Top of STORED DATA

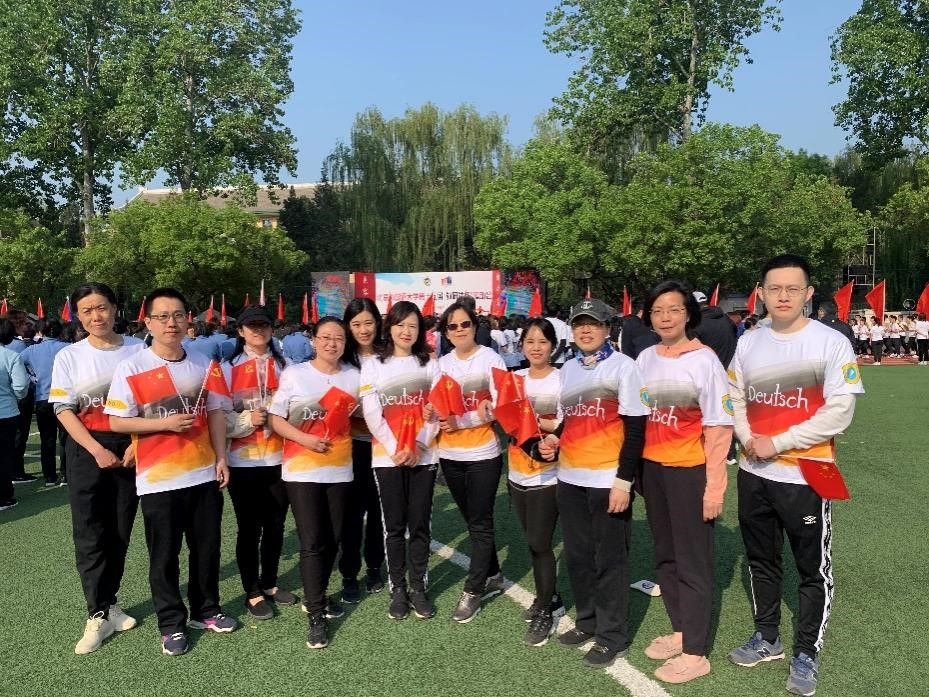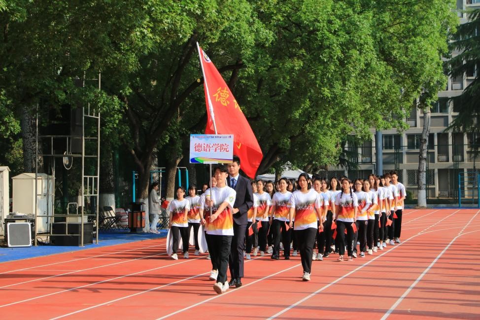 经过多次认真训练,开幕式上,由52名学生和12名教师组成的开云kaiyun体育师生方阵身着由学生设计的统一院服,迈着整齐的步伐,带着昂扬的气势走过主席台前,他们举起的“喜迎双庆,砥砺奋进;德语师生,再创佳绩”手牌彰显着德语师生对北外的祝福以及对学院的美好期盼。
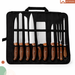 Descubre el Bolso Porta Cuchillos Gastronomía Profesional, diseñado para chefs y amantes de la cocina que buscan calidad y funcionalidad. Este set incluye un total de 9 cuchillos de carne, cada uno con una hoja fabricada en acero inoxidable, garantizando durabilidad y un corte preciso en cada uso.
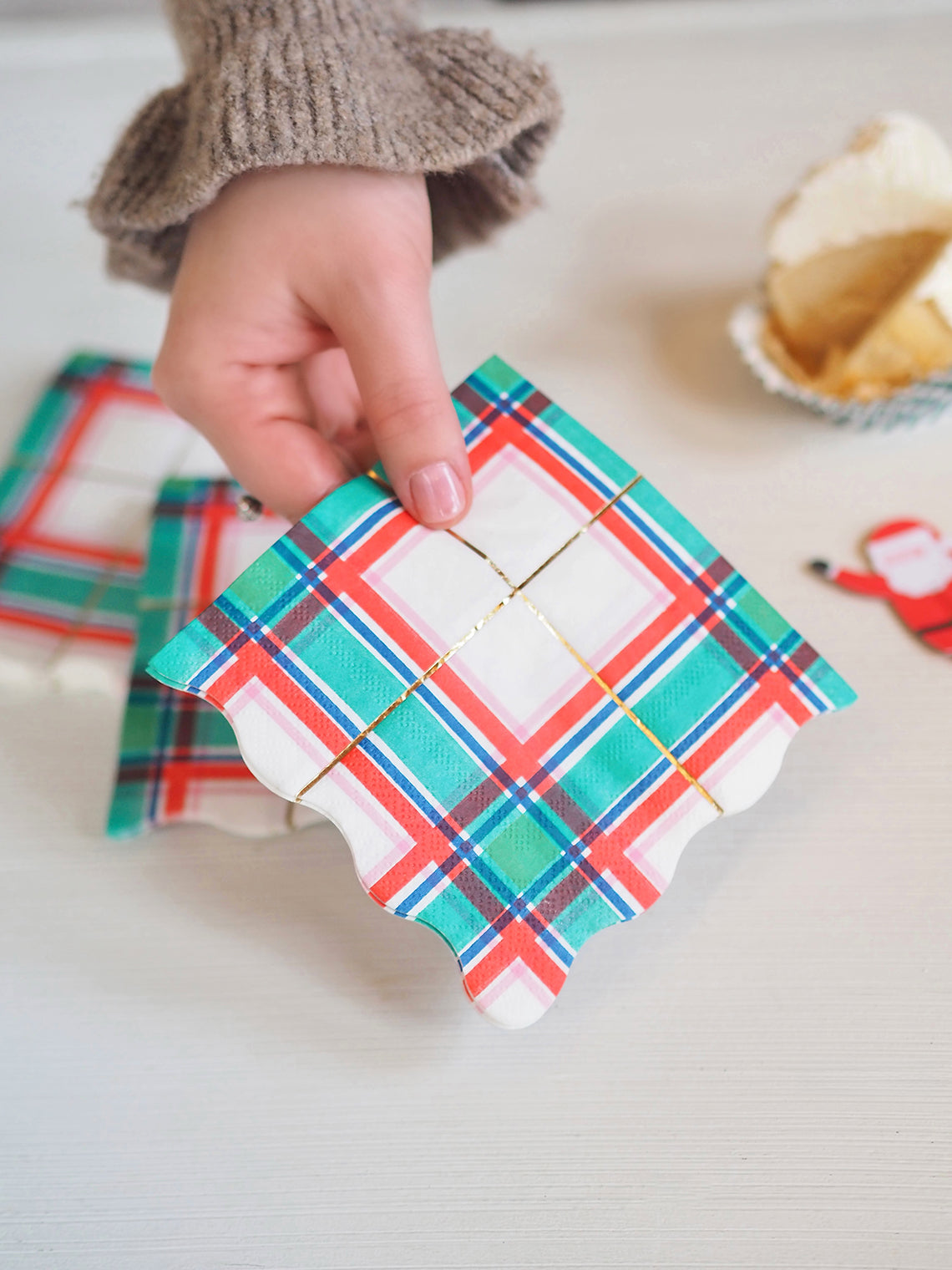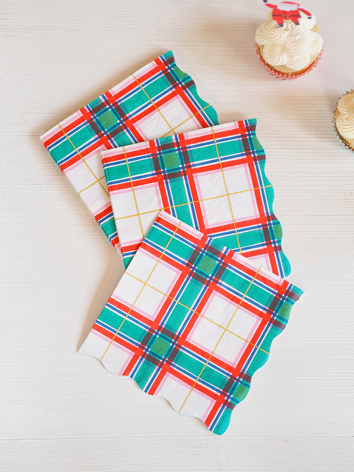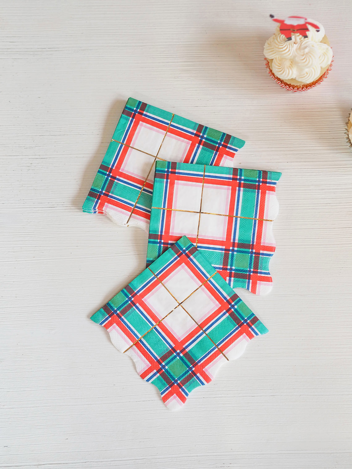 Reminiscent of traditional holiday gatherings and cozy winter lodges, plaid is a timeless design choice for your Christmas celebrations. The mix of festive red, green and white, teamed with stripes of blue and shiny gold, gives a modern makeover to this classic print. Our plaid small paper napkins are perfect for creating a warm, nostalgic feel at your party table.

Bottom of STORED DATA
Top of STORED DATA

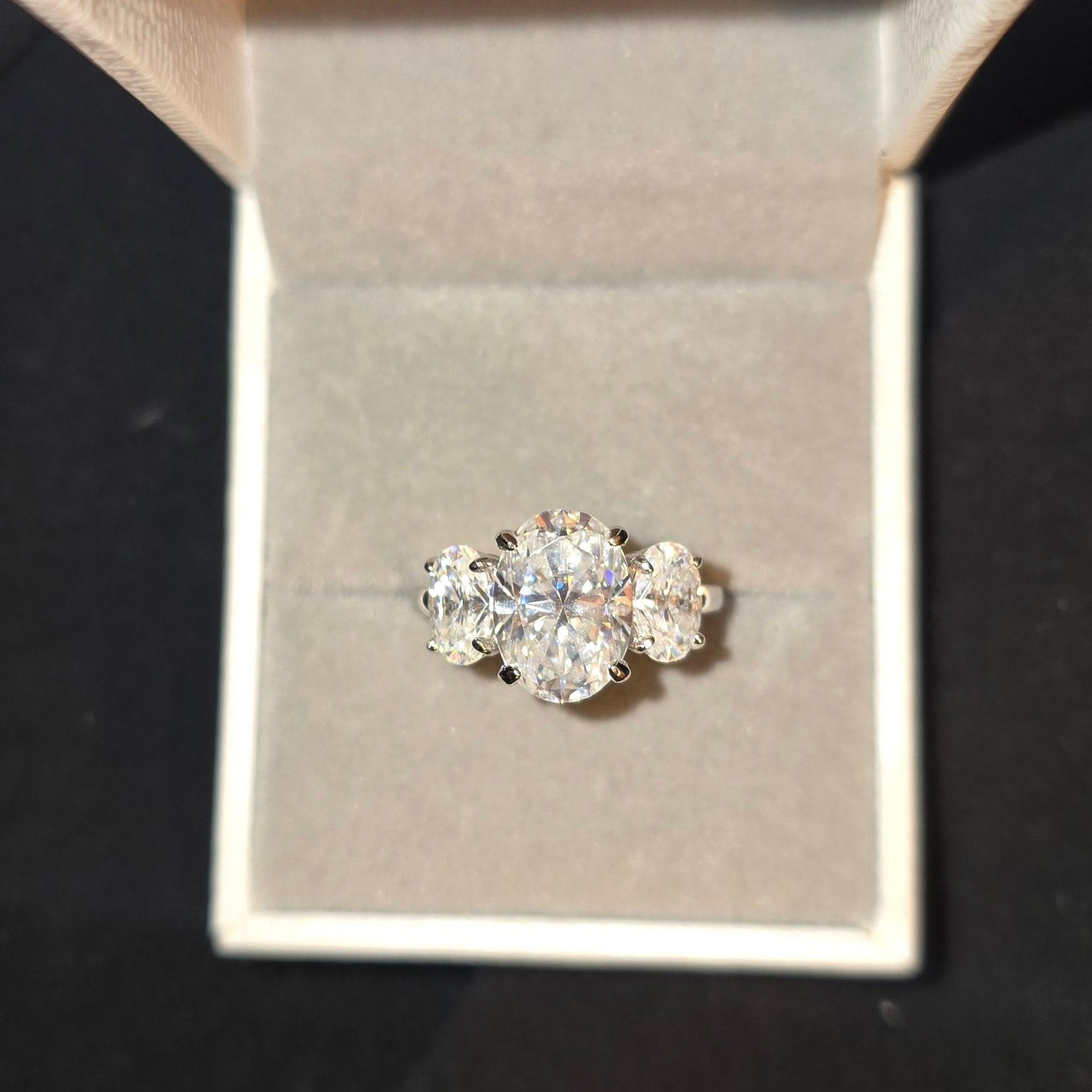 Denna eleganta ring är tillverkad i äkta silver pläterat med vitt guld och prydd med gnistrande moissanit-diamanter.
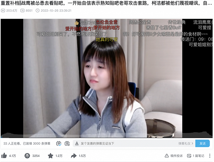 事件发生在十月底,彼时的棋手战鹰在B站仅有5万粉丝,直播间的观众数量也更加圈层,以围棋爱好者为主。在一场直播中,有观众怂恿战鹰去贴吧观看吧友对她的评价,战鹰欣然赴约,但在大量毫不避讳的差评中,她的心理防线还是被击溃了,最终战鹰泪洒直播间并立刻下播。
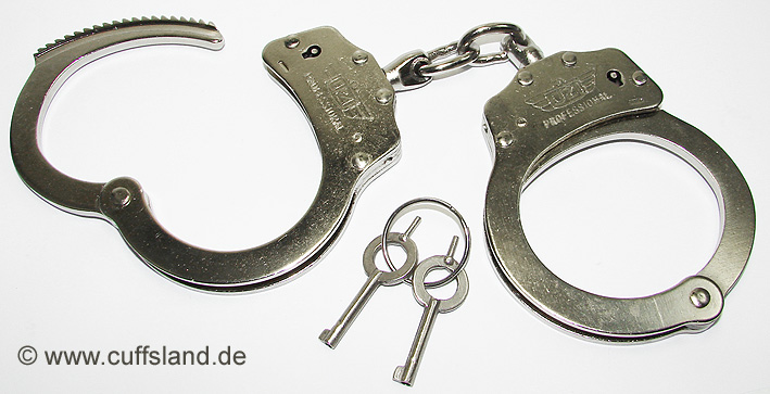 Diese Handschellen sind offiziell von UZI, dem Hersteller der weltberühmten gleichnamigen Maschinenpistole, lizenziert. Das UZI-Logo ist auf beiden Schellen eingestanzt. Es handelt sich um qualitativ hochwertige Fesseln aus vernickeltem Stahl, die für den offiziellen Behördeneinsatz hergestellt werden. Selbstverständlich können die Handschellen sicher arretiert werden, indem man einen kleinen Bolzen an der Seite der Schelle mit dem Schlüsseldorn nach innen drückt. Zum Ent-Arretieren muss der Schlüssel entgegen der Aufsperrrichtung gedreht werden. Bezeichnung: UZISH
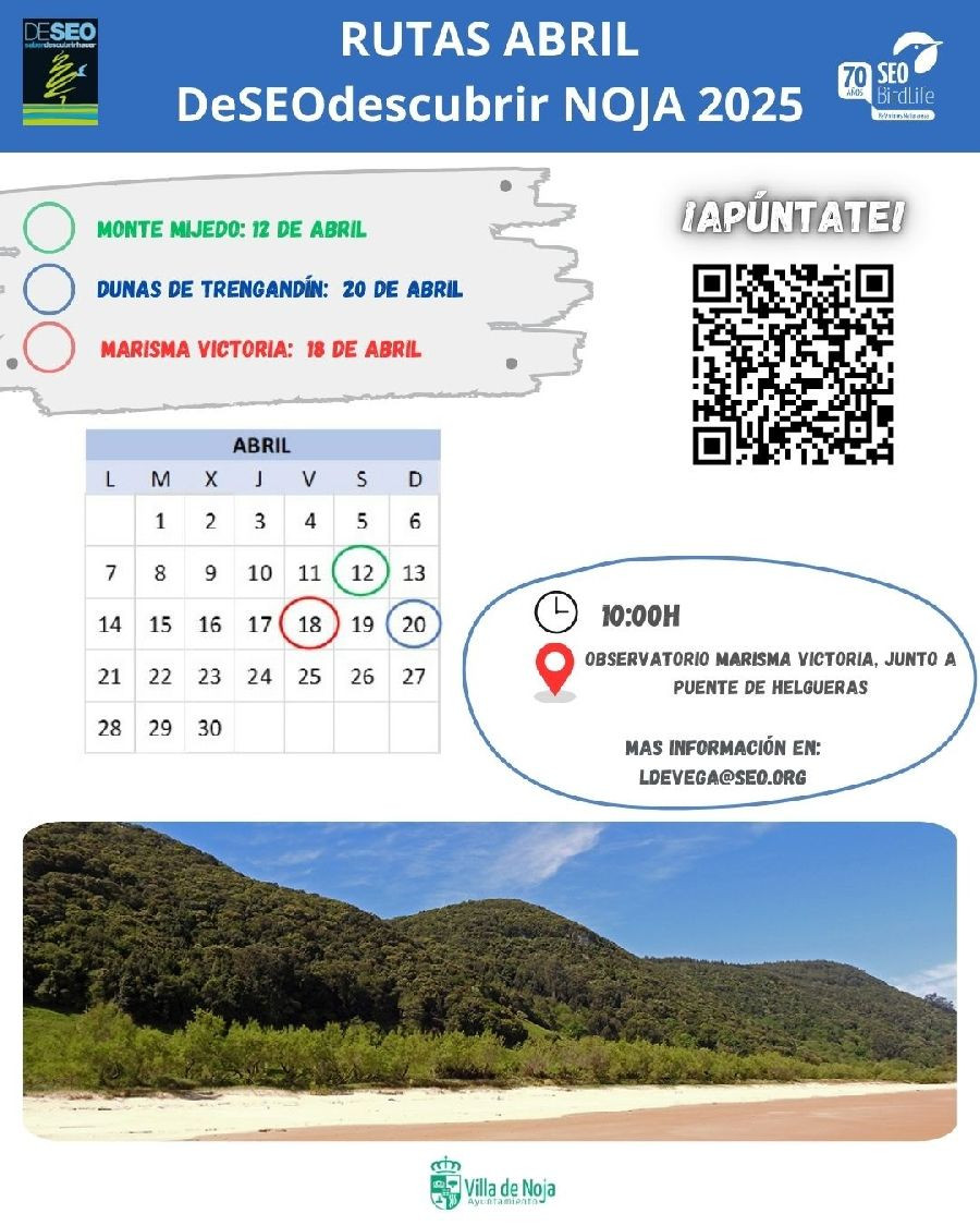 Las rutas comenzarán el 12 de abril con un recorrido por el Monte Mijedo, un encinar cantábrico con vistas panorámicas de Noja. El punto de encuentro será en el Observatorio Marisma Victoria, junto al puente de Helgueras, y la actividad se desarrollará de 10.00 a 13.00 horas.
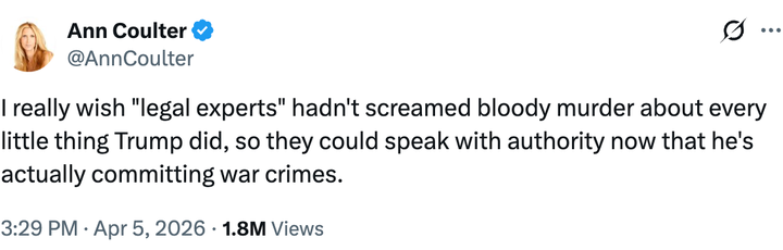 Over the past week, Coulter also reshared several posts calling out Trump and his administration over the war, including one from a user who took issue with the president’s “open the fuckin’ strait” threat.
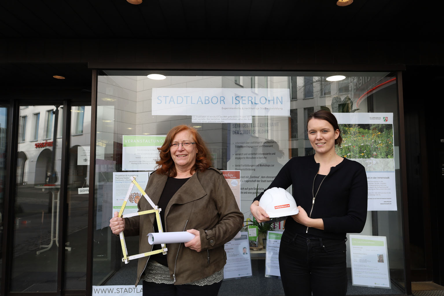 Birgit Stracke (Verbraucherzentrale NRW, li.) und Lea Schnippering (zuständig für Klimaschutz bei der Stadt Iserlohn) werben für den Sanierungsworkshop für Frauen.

Bottom of STORED DATA

• [AIM OF THE TASK]: Everything above from the line that has "Denna eleganta ring" down to the line that has "事件发生在十月底,彼时的棋手" should be output exactly, with both of those lines included. Leave the pictures behind.

• [ANSWER TO THE PROBLEM]:
 Denna eleganta ring är tillverkad i äkta silver pläterat med vitt guld och prydd med gnistrande moissanit-diamanter.
 事件发生在十月底,彼时的棋手战鹰在B站仅有5万粉丝,直播间的观众数量也更加圈层,以围棋爱好者为主。在一场直播中,有观众怂恿战鹰去贴吧观看吧友对她的评价,战鹰欣然赴约,但在大量毫不避讳的差评中,她的心理防线还是被击溃了,最终战鹰泪洒直播间并立刻下播。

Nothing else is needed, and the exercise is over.